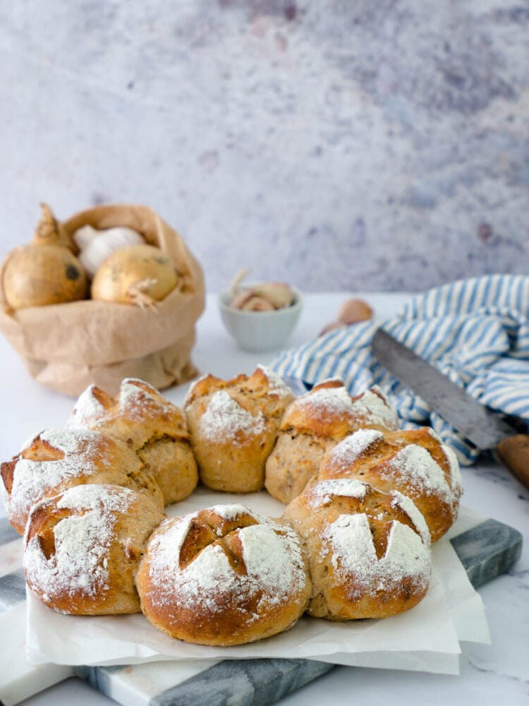 Schneller Protein Zwiebel-Knoblauch-Brötchenkranz - Dinkelliebe
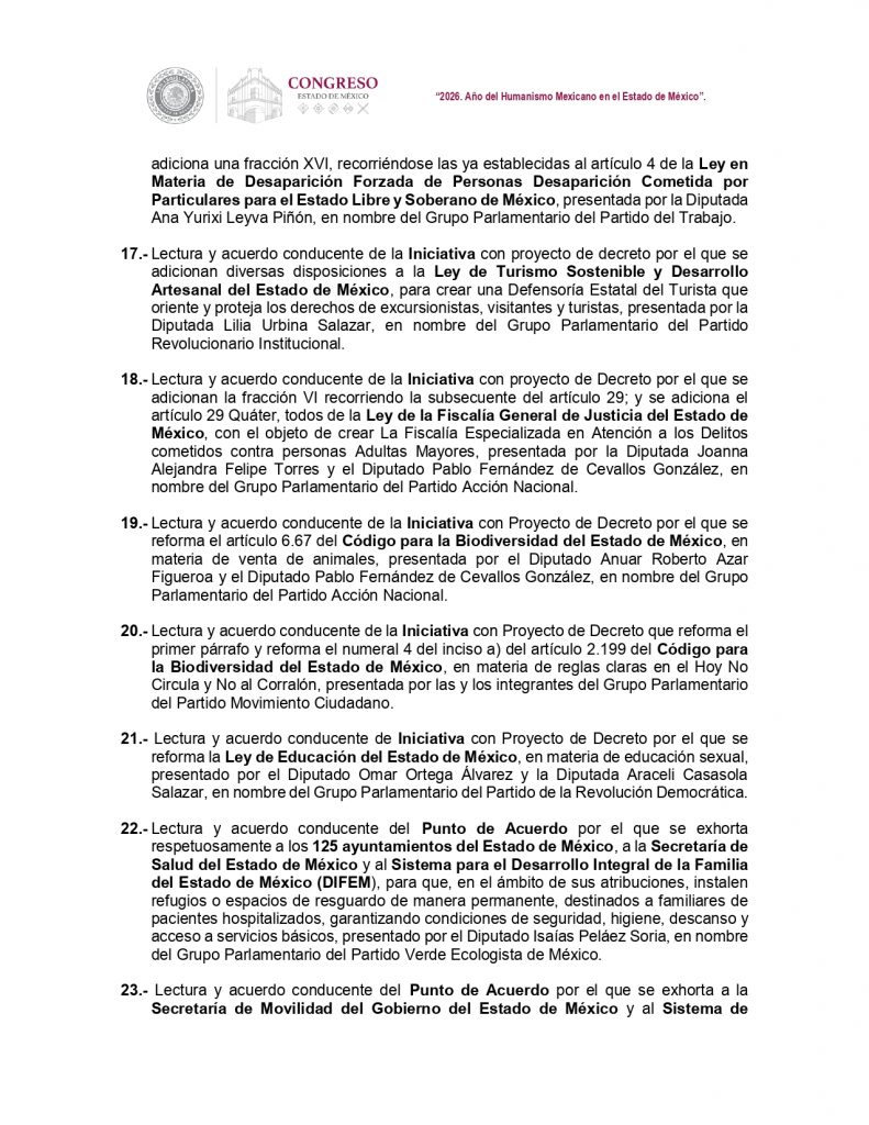 En tanto, Acción Nacional buscará hacer ajustes a la Ley de las Personas Adultas Mayores del Estado de México para promover la educación financiera en adultos mayores; Movimiento Ciudadano impulsará reformar la Ley de Educación respecto a uniformes neutros y el PRD hacer cambios al Código para la Biodiversidad en materia de protección y bienestar animal.
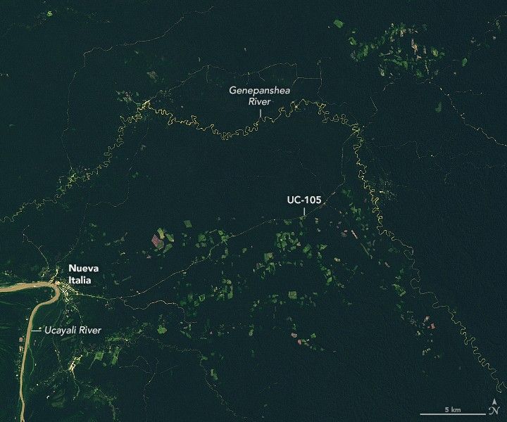 NASA Earth Observatory images by Lauren Dauphin, using Landsat data from the U.S. Geological Survey . Photo by William Villacorta/Upper Amazon Conservancy. Story by Adam Voiland .
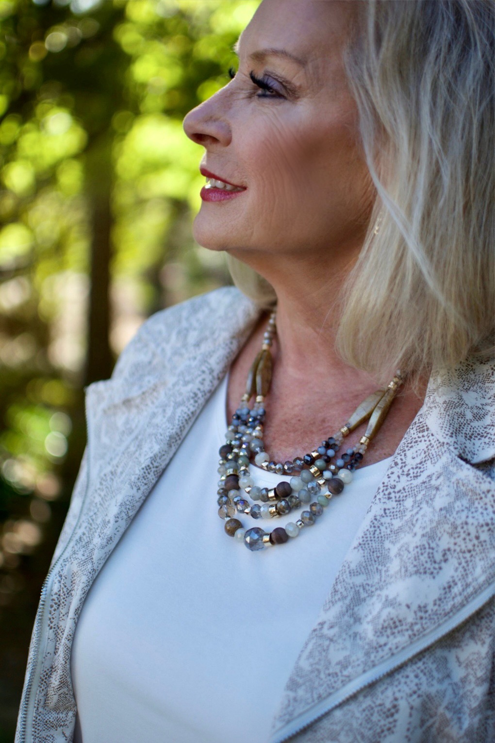 I finished off the monochromatic outfit with the MIXED MULTI-ROW NECKLACE. This elaborate 4-strand beaded necklace is a mix of metallic hues and offers endless options for versatility.
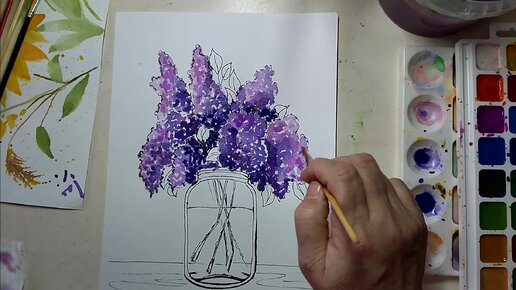 Как нарисовать сирень акварелью/Рисунки легко.
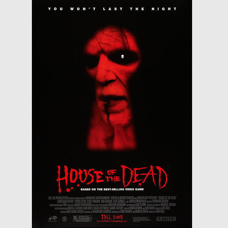House of the dead (2003). Toca hablar del alemán Uwe Boll, considerado por muchos como el ‘Ed Wood de los videojuegos’, ya que desde este título arrancaría toda una carrera de destrozos: Alone in the dark (2005), BloodRayne (2005), En el Nombre del Rey (2007), Postal (2007), Far Cry (2008)… Este año ha anunciado que se retira.
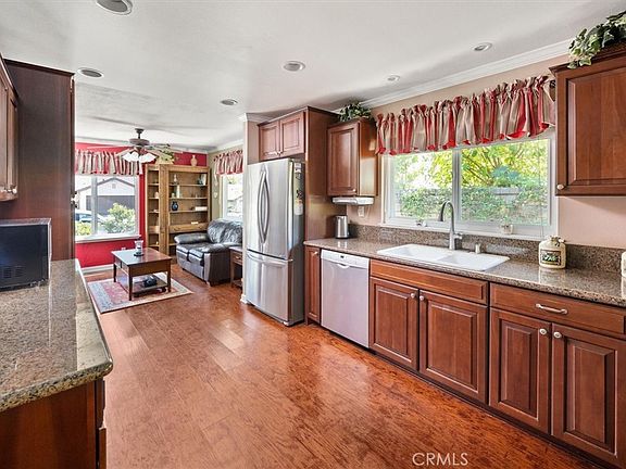 The serene and private backyard features a large covered patio that overlooks lush trees and greenery. The expansive side walkways and full sprinkler system provide added convenience. The spacious primary bedroom is highlighted by a beautiful 8 ft wide window that captures the tranquil view of the backyard retreat. The primary bathroom is tastefully designed with stylized crown moulding, double sinks and contemporary tile work, including a full shower. The bedroom also features mirrored closet doors.
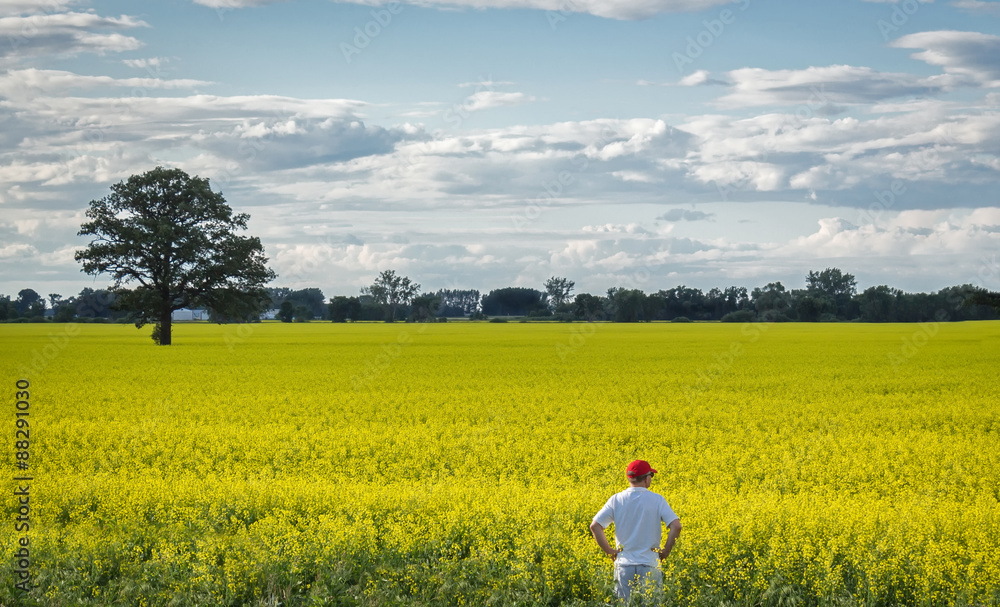 horizontal image of a farmer with red hat standing at the edge of his yellow canola field gazing across his crop under a cloudy blue sky in the summer.
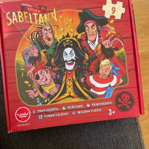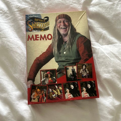 Kaptein sabeltann Memo brettspill med 72 kort. Spillet går ut på å finne par med like bilder og trene hukommelsen. Passer for barn og voksne, og inneholder illustrasjoner fra sabeltann-universet.
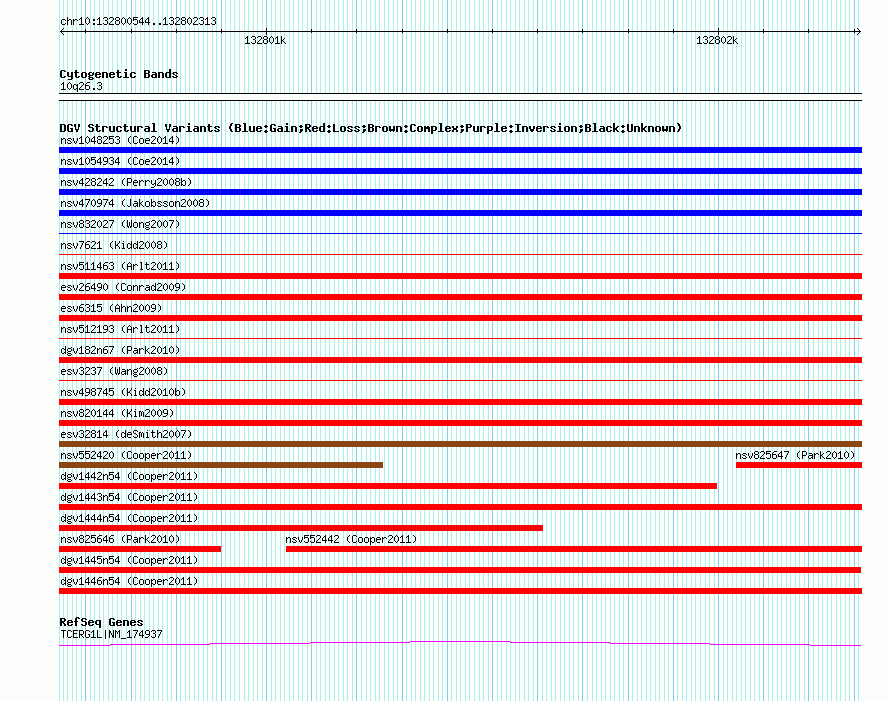 Variant DetailsVariant: nsv552439| Internal ID | 16339848 | | Landmark | | | Location Information | | | Cytoband | 10q26.3 | | Allele length | | Assembly | Allele length | | hg38 | 1770 | | hg19 | 1770 | | hg18 | 1770 |
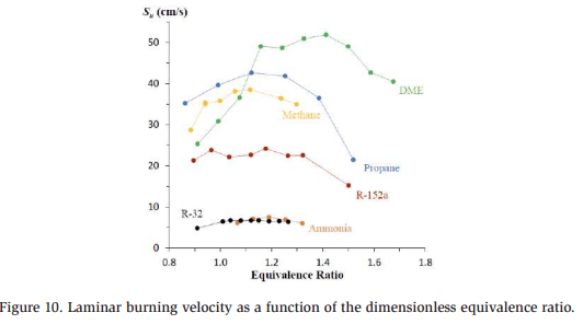 Figure 10 shows the laminar burning velocity, Su (cm/s), as a function of the dimensionless equivalence ratio. (Davis 2022) The equivalence ratio is the measured fuel mass-to-air mass ratio divided by the same ratio at combustion stoichiometry, commonly termed the leanness or richness of the mixture. Laminar burning velocity is a fundamental parameter describing how a planar flame propagates into a quiescent unburned mixture ahead of the flame at a specified test pressure and temperature. Furthermore, it contributes to the B2L classification of ammonia, where “B” is based on the toxicity level, “2 – lower flammability” is based on the LFL and heat of combustion, and “L” is the sub-category (of class 2) for a burning velocity of less than 10 cm/s. (ANSI/ASHRAE 2022)
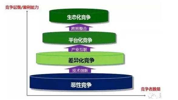 从企业核心竞争力的高低角度看企业的商业模式,可以将商业模式分为四大等级:无差异化商业模式(红海)、差异化商业模式(蓝海)、平台化商业模式、生态化商业模式。而平台化商业模式和生态化商业模式都是近十五年内才变成逐步成熟,未来会愈加常见。
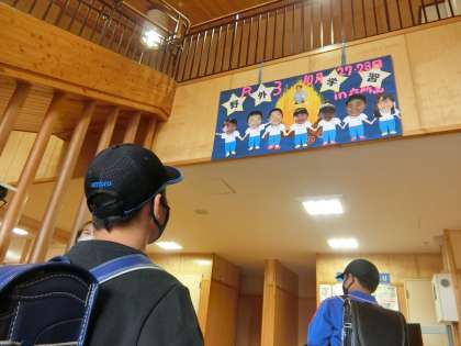 子どもたちが見上げる先には、またまた先生たちからのサプライズです。来週に迫った5年生のキャンプに向けて、先生たちがパネルを作って飾ってくれました。5年生の子たちはニコニコして喜んでいました。

Task to carry out —
Retype everything in the material word for word, minus pictures.

Exercise response —
 Schneller Protein Zwiebel-Knoblauch-Brötchenkranz - Dinkelliebe
 En tanto, Acción Nacional buscará hacer ajustes a la Ley de las Personas Adultas Mayores del Estado de México para promover la educación financiera en adultos mayores; Movimiento Ciudadano impulsará reformar la Ley de Educación respecto a uniformes neutros y el PRD hacer cambios al Código para la Biodiversidad en materia de protección y bienestar animal.
 NASA Earth Observatory images by Lauren Dauphin, using Landsat data from the U.S. Geological Survey . Photo by William Villacorta/Upper Amazon Conservancy. Story by Adam Voiland .
 I finished off the monochromatic outfit with the MIXED MULTI-ROW NECKLACE. This elaborate 4-strand beaded necklace is a mix of metallic hues and offers endless options for versatility.
 Как нарисовать сирень акварелью/Рисунки легко.
House of the dead (2003). Toca hablar del alemán Uwe Boll, considerado por muchos como el ‘Ed Wood de los videojuegos’, ya que desde este título arrancaría toda una carrera de destrozos: Alone in the dark (2005), BloodRayne (2005), En el Nombre del Rey (2007), Postal (2007), Far Cry (2008)… Este año ha anunciado que se retira.
 The serene and private backyard features a large covered patio that overlooks lush trees and greenery. The expansive side walkways and full sprinkler system provide added convenience. The spacious primary bedroom is highlighted by a beautiful 8 ft wide window that captures the tranquil view of the backyard retreat. The primary bathroom is tastefully designed with stylized crown moulding, double sinks and contemporary tile work, including a full shower. The bedroom also features mirrored closet doors.
 horizontal image of a farmer with red hat standing at the edge of his yellow canola field gazing across his crop under a cloudy blue sky in the summer.
 Kaptein sabeltann Memo brettspill med 72 kort. Spillet går ut på å finne par med like bilder og trene hukommelsen. Passer for barn og voksne, og inneholder illustrasjoner fra sabeltann-universet.
 Variant DetailsVariant: nsv552439| Internal ID | 16339848 | | Landmark | | | Location Information | | | Cytoband | 10q26.3 | | Allele length | | Assembly | Allele length | | hg38 | 1770 | | hg19 | 1770 | | hg18 | 1770 |
 Figure 10 shows the laminar burning velocity, Su (cm/s), as a function of the dimensionless equivalence ratio. (Davis 2022) The equivalence ratio is the measured fuel mass-to-air mass ratio divided by the same ratio at combustion stoichiometry, commonly termed the leanness or richness of the mixture. Laminar burning velocity is a fundamental parameter describing how a planar flame propagates into a quiescent unburned mixture ahead of the flame at a specified test pressure and temperature. Furthermore, it contributes to the B2L classification of ammonia, where “B” is based on the toxicity level, “2 – lower flammability” is based on the LFL and heat of combustion, and “L” is the sub-category (of class 2) for a burning velocity of less than 10 cm/s. (ANSI/ASHRAE 2022)
 从企业核心竞争力的高低角度看企业的商业模式,可以将商业模式分为四大等级:无差异化商业模式(红海)、差异化商业模式(蓝海)、平台化商业模式、生态化商业模式。而平台化商业模式和生态化商业模式都是近十五年内才变成逐步成熟,未来会愈加常见。
 子どもたちが見上げる先には、またまた先生たちからのサプライズです。来週に迫った5年生のキャンプに向けて、先生たちがパネルを作って飾ってくれました。5年生の子たちはニコニコして喜んでいました。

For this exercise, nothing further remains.